# Bubbling paint



## lijongtao (Dec 1, 2017)

Hi everyone and Happy New Year 

Last Feb someone ran into the back of us while stationary. The car went off to a body shop in Clitheroe to be fixed. Main damage was the rear bumper that needed respraying. The car needed sending back twice as they hadn’t properly finished off the buffing so I complained and it was repaired again. 

Today I’ve noticed the paint appears to be bubbling underneath. The surface isn’t damaged more so under he paint. I will try to post a photo. Two small lumps and a small area of scabbing. It isn’t large by any means but visible on a black car. I may be too fussy but it was not there prior to the accident. With it being under 12 months what chance or redress do I have?

Thanks


----------



## Walesy. (Oct 1, 2009)

lijongtao said:


> Hi everyone and Happy New Year
> 
> Last Feb someone ran into the back of us while stationary. The car went off to a body shop in Clitheroe to be fixed. Main damage was the rear bumper that needed respraying. The car needed sending back twice as they hadn't properly finished off the buffing so I complained and it was repaired again.
> 
> ...


I had this from a Vx dealer, they described it as a 'fester' under neath the paint. Clear coat etc. wasnt damage, so no water or chemical ingress causing this, therefore it was repaired as it was in the 12 months


----------



## Kerr (Mar 27, 2012)

Any decent body shop should be covering defects due to their work in less than a year. 

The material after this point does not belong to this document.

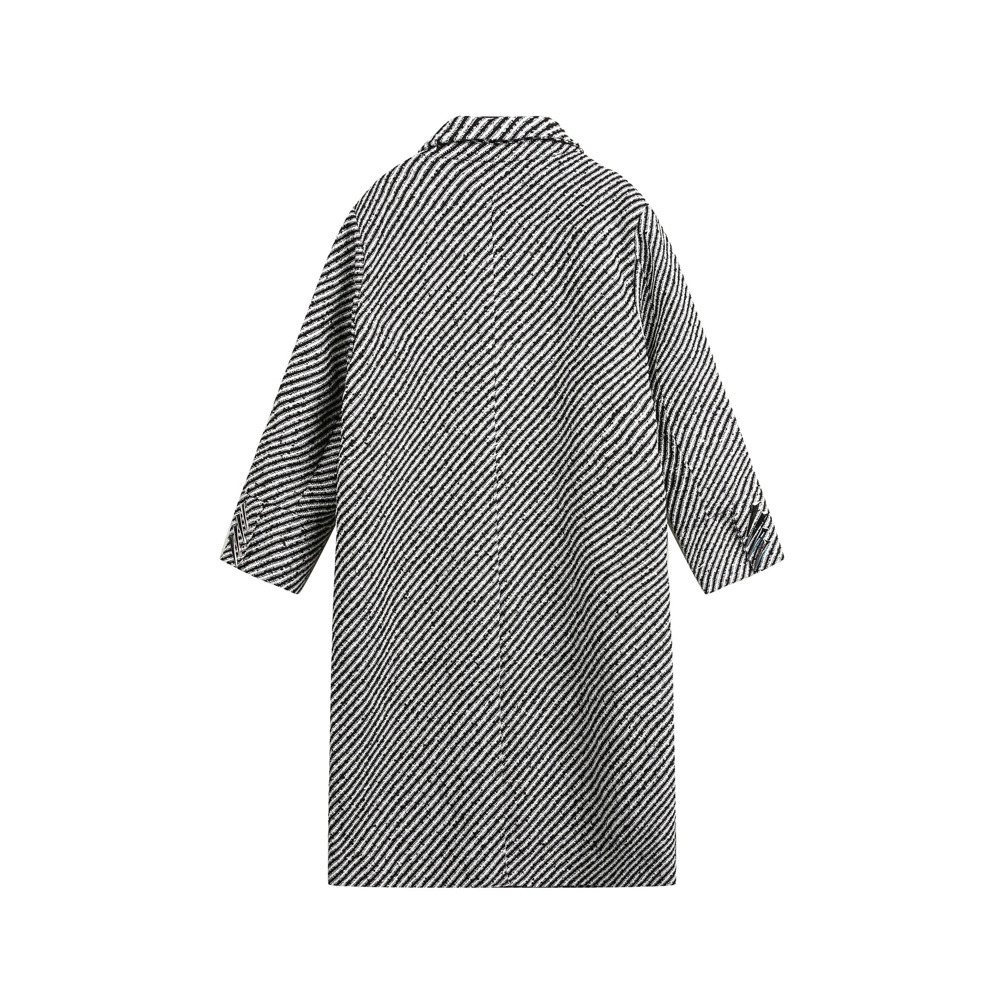 The Herringbone Wool Coat is a timeless classic that radiates sophistication. Its distinctive herringbone pattern adds both texture and visual interest, while the double-breasted closure and lapel collar contribute to a polished appearance. The relaxed fit, combined with the warm wool material, makes it ideal for staying cozy and stylish during the colder months.

If it was done by your insurance company they would also have them to back you up. I'm sure they'll promise repairs will last a minimum of a few years.


----------



## GSD (Feb 6, 2011)

Had this on the wife’s Nissan the body shop guy was very understanding and said were not the first it was a faulty batch of paint,he put it right and all has been good since.


----------



## Andyblue (Jun 20, 2017)

Just pop it back to them and let them have a look at it, explain the issues you've found and when they repaired it, hopefully all will be sorted out for you :thumb:


----------